Work to be completed: Omit the images, then repeat the listing exactly.

Data under study:
== Segment start ==
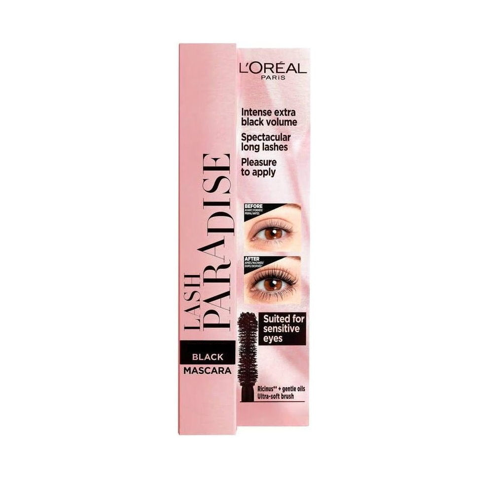 Take your lashes to paradise with L'Oreal Paris Lash Paradise mascara. Delivers intense volume and spectacular lash length with the most pleasurable application experience. The whipped volumizing formula creates intense lash volume and dramatic length and is enriched with nourishing castor oil for soft, supple lashes without any flaking or clumping. The feather-soft wavy brush applicator is gentle for extreme comfort around sensitive eye areas.
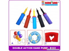 Balloon hand pumb/high quality hand pump Product detail1.Packing: 1pc / PE bag, 100pcs/carton2.Fast inflating and saving in half time This handy balloon pump gives you the ''full power''to inflate as many balloons as you want.Save your breath and energy Variety of colors are availableThis balloon pump is made of durable plastic and features a long nozzle specially designed to hold the neck of a balloonSimply slide on the balloon and operate the balloon pump like a standard bicycle pumpDetails:Type Event & Party Supplies Event & Party Item Type Party Decoration Occasion Family party Place of Origin Guangdong, China (Mainland) Brand Name BOROSINO Model Number B102 Description Suitable for inflat balloons Color Various Material Plastic Use Advertising Toy /inflating balloons / swimming ring Meas 100pcs/55*30*56cm Size Dia 5*28cm Production Lead-time 20 days N.W/G.W 7.8/9KGS Certificate CE
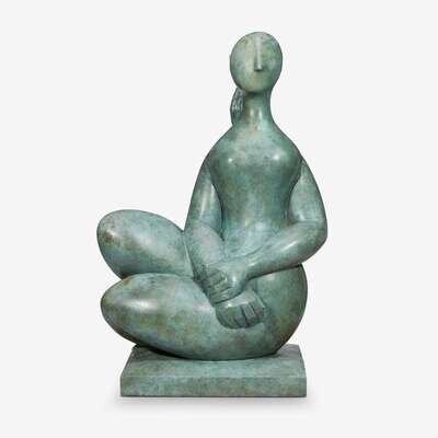 BALTASAR LOBO (SPANISH, 1910-1993) "FEMME ASSISE MAIN CROISÉES GRANDE TAILLE"
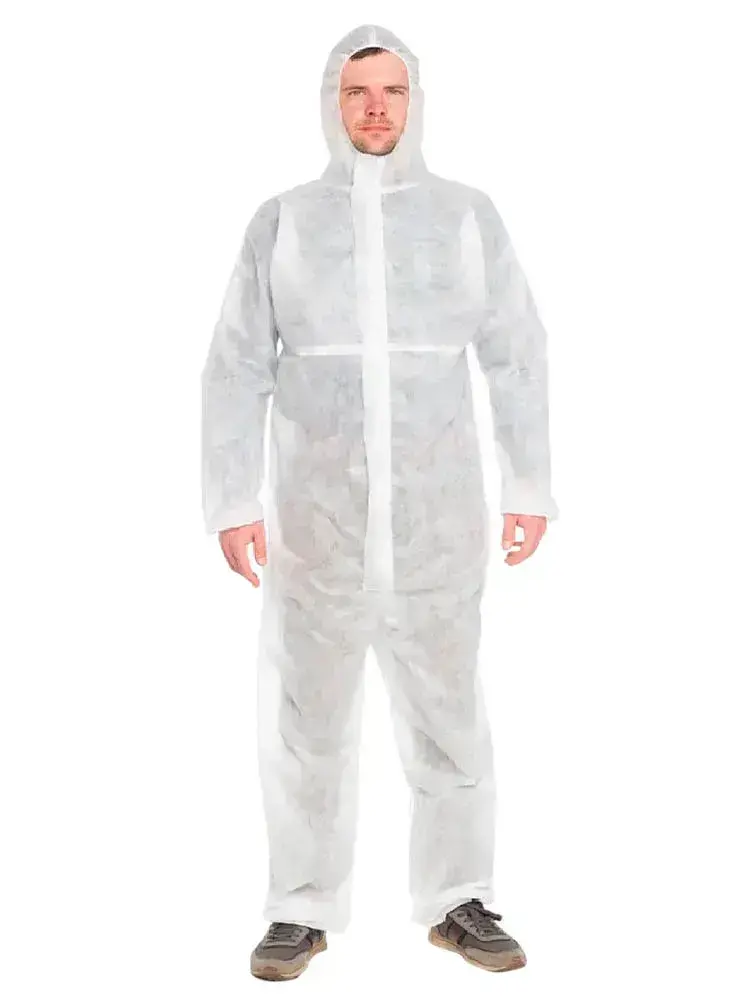 Комбинезон одноразовый c капюшоном закрывает не только тело с одеждой, но и волосы, что не требует использования дополнительной шапочки.
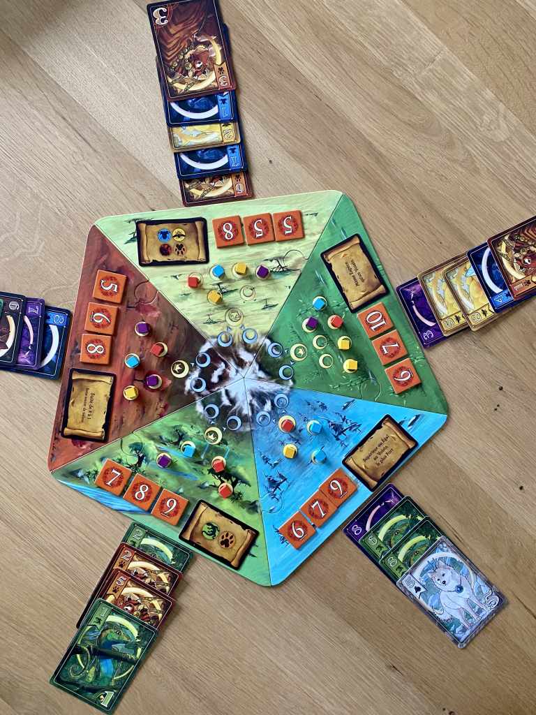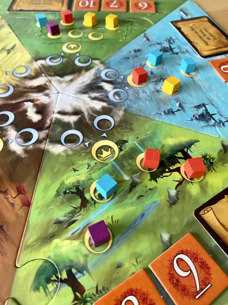 Mais le système de jeu est véritablement malin et porte LES ROYAUMES SAUVAGES dans une autre dimension qu’un simple jeu de chance. Cette association entre hasard et prise de décision légère est une vraie réussite. Autre réussite, c’est la rejouabilité du titre. Entre les points de victoire mis en place aléatoirement en début de partie, la variable des cartes possédées et les nombreux prérequis de zones présents dans la boîte et s’associant différemment entre eux selon la place qu’ils occupent sur le plateau, le jeu bénéficie d’un nouvel engouement à chaque partie. Non, vraiment, LES ROYAUMES SAUVAGES est une très bonne surprise. Voilà un jeu simple mais pas simpliste, sans prétention et élégant.
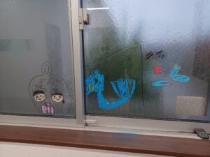 窓お絵描きには好きなキャラクターや動物と共に来月に向けて雨などを描きました☔
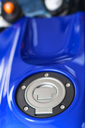 Motorcycles in the showroom Yamaha shop. Yamaha R15 v4 motorcycle, selective focus.
== Segment end ==
Written response:
 Take your lashes to paradise with L'Oreal Paris Lash Paradise mascara. Delivers intense volume and spectacular lash length with the most pleasurable application experience. The whipped volumizing formula creates intense lash volume and dramatic length and is enriched with nourishing castor oil for soft, supple lashes without any flaking or clumping. The feather-soft wavy brush applicator is gentle for extreme comfort around sensitive eye areas.
 Balloon hand pumb/high quality hand pump Product detail1.Packing: 1pc / PE bag, 100pcs/carton2.Fast inflating and saving in half time This handy balloon pump gives you the ''full power''to inflate as many balloons as you want.Save your breath and energy Variety of colors are availableThis balloon pump is made of durable plastic and features a long nozzle specially designed to hold the neck of a balloonSimply slide on the balloon and operate the balloon pump like a standard bicycle pumpDetails:Type Event & Party Supplies Event & Party Item Type Party Decoration Occasion Family party Place of Origin Guangdong, China (Mainland) Brand Name BOROSINO Model Number B102 Description Suitable for inflat balloons Color Various Material Plastic Use Advertising Toy /inflating balloons / swimming ring Meas 100pcs/55*30*56cm Size Dia 5*28cm Production Lead-time 20 days N.W/G.W 7.8/9KGS Certificate CE
 BALTASAR LOBO (SPANISH, 1910-1993) "FEMME ASSISE MAIN CROISÉES GRANDE TAILLE"
 Комбинезон одноразовый c капюшоном закрывает не только тело с одеждой, но и волосы, что не требует использования дополнительной шапочки.
 Mais le système de jeu est véritablement malin et porte LES ROYAUMES SAUVAGES dans une autre dimension qu’un simple jeu de chance. Cette association entre hasard et prise de décision légère est une vraie réussite. Autre réussite, c’est la rejouabilité du titre. Entre les points de victoire mis en place aléatoirement en début de partie, la variable des cartes possédées et les nombreux prérequis de zones présents dans la boîte et s’associant différemment entre eux selon la place qu’ils occupent sur le plateau, le jeu bénéficie d’un nouvel engouement à chaque partie. Non, vraiment, LES ROYAUMES SAUVAGES est une très bonne surprise. Voilà un jeu simple mais pas simpliste, sans prétention et élégant.
 窓お絵描きには好きなキャラクターや動物と共に来月に向けて雨などを描きました☔
 Motorcycles in the showroom Yamaha shop. Yamaha R15 v4 motorcycle, selective focus.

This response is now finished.